The classification process 612 uses metadata generated by analysis processes 610, 616, 620, and outputs metadata and macroblock data to various content encoding processes within the intra/inter macroblock processing operation 506. The content encoding processes can be used, for example, to customize the encoding performed on various types of content, to allow the universal codec to selectively vary quality within a single frame based on the type of content present in the frame. In particular, in the embodiment shown, the classification process 612 routes video content 622 to a video macroblock encoding process 624, screen and background content 626 to a screen and background macroblock encoding process 628, special effects content 630 to a special effects macroblock encoding process 632, and text content 634 to a text macroblock encoding process 636. Generally, each of the encoding processes 624, 628, 632, 636 can use different mode decisions and motion estimation algorithms to encode each macroblock differently. Examples of such encoding processes are discussed further below in connection with FIGS. 7-10. Each of the encoding processes 624, 628, 632, 636 can route encoded content to the entropy encoder 508, which, as noted above, combines the encoded macroblocks and encodes the entire screen frame in a manner compliant with a standards-based codec for transmission as a bitstream to a remote system.
Referring now to FIG. 7, an example data flow used in a video encoder 700 is shown. In example embodiments, video encoder 700 can be used to perform the video macroblock encoding process 624 of FIG. 6. Generally, the video encoder 700 separates intra-macroblock content 702 and inter-macroblock content 704 based on a mode decision received at the video encoder. For intra-macroblock content 702, because it is known that this is video data, a high-complexity intra-macroblock prediction operation 706 is used, meaning that intra prediction for all modes (e.g., 16×16, 8×8, and 4×4 modes) can be performed. For inter-macroblock content 704, a hybrid motion estimation operation 708 is used. The hybrid motion estimation operation 708 performs a motion estimation based on a combined estimation across blocks involved in the inter-macroblock content 704, to ensure correct/accurate motion and maintenance of visual quality across frames. Because most RDP content is already compressed, this hybrid motion estimation operation 708 results in a higher compression ratio than for traditional video content.

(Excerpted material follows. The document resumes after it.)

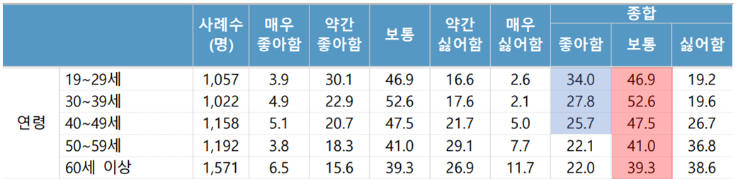 71.3% (4,278명) 에 달했던 독서율이 무색하게 젊은 인구가 독서를 좋아한다고 응답 (매우 좋아함 + 약간 좋아함) 한 평균 비율은 29% (1,740명, 푸른색 영역) 에 지나지 않았다.

From either the high-complexity intra-macroblock prediction operation 706 or hybrid motion estimation operation 708, a transform and quantization operation 710 is performed, as well as an inverse quantization and transform operation 712. A further motion prediction operation 714 is further performed, with the predicted motion passed to adaptive loop filter 716. In some embodiments, the adaptive loop filter 716 is implemented as an adaptive deblocking filter, further improving a resulting encoded image. The resulting image blocks are then passed to a picture reference cache 718, which stores an aggregated screen frame. It is noted that the picture reference cache 718 is also provided for use by the hybrid motion estimation operation 708, for example to allow for inter-macroblock comparisons used in that motion estimation process.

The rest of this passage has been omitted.